Habertürk’te yer alan habere göre, Deniz Baykal, 24 Haziran’da yapılan cumhurbaşkanlığı ve milletvekili genel seçimleri sonrası CHP’de yaşanan olağanüstü kurultay tartışmalarına ilişkin olarak da açıklamalarda bulundu. Baykal, “Bir an önce iç hesaplaşma bir kenara bırakılmalı. Ben içerideki tartışmayı aşmaya katkı yapma konumunda olmayı tercih ediyorum. Önce ülke gelir” dedi.
Oya Berberoğlu, Baykal’ın ülkenin içinde bulunduğu duruma ilişkin çağrı, öneri ve değerlendirmelerini özetle şöyle aktardı:
ERDOĞAN CESARET VERMELİ: Bağımsız, tarafsız yargı arayışı ve hükümetin çabasından memnunum. Cumhurbaşkanı Erdoğan’ın ivedilikle, net biçimde örnek davranış sergileyerek iktidara cesaret vermesi yargı ve topluma da moral vermesi elzemdir. Cumhurbaşkanı çok belirleyici. Hukuki çelişkilerde, yanlış kararlarda o var gibi bir algı, duygu var. Cumhurbaşkanı Erdoğan hükümetin çaba ve arayışından mutlu olduğunu hem hükümete hem yargıya, topluma hissettirmeli, yargı bağımsızlığını kuvvetli olarak vurgulamalıdır. Hızlı sonuç almamız gerekiyor. Bu konu siyasi çekişmelerin, tartışmaların üstündedir. İktidar, muhalefet kaosun parçası olamaz. Ana eksen, Cumhurbaşkanı, iktidar, muhalefet, medya, kamuoyu, toplum hep beraber yargı bağımsızlığına sahip çıkan ülke olduğumuzu göstermeli, başarmalıyız. Özellikle muhalefet olarak sürece katkı yapmamız, yönlendirmemiz, destek olmamız, ön açmamız, cesaret vermemiz lazım.
DERHAL TAHLİYE EDİLMELİ: Enis’in suçsuz yere uzun zamandır hapsedilmesi, tek ve rehin tutulmasına çok üzülüyorum. Ayrıca tekrar milletvekili seçildi. Anayasa açık, nettir, sözü bellidir. Dokunulmazlık kazanılmıştır. Enis’in derhal hiç tereddütsüz, hemen tahliye edilmesi zorunludur.
EKONOMİK GÜÇLÜKLER AŞILIR: İşin temelinde doğru politikalar, doğru dış politikalar yatıyor.

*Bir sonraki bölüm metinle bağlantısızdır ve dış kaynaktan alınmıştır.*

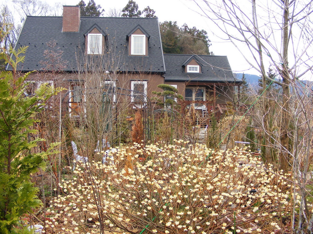ミツマタの花ですね? 冬は細い枝だけで目立たないのでしょうが、春にはこんなに沢山の淡い黄色の花で丸い樹形が顕われて、本当に春はイイですね。
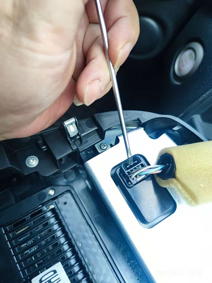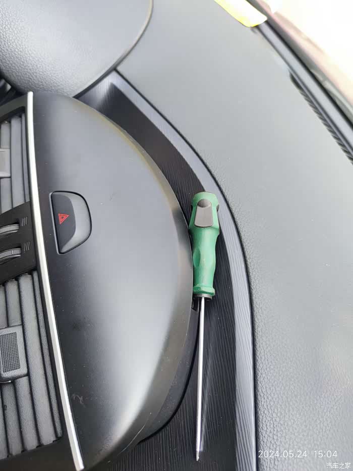 中控(螺丝刀手柄位置)有机关,脑袋使劲往前伸才能看到;有块塑料盖板,取掉,即可看到螺钉两颗,螺钉拆了后,双手扣住螺丝刀手柄凹陷位置,使劲往外扳,即可取掉中控。虽然需要用力,但你别用蛮力,因为里面有插头连线(小心损伤插头连线)

Dış dünya ilişkilerini rasyonel yürütmeliyiz. Duygusal, tek yanlı, meydan okumalı, iç siyaset kaynaklı dış politika açılımları askıya alınmalı, sağlıklı, bilimsel, dostunu dost bilerek, karşılıklı güvene dayalı siyaset yürütülmelidir. Güvenin hak edildiğinin gösterilmesi gerek. İstikrarlı dış politikayla gerektiğinde yeni seçenekler de ortaya çıkacaktır. Tek yanlı kararlarla ekonomik tercihlere yönelmek sıkıntıyı derinleştirir. Güvenilirlik, öngörülebilirlik, hukuka saygı temelinde durmak lazım. Bu konularda tereddütler kalkarsa ki inanıyorum biz de yeni öneriler geliştirebiliriz. İstikrarlı, hukuka saygılı dış politikada ilerleyeceğimize inanılmasını, güvenilmesini sağlamak zorundayız.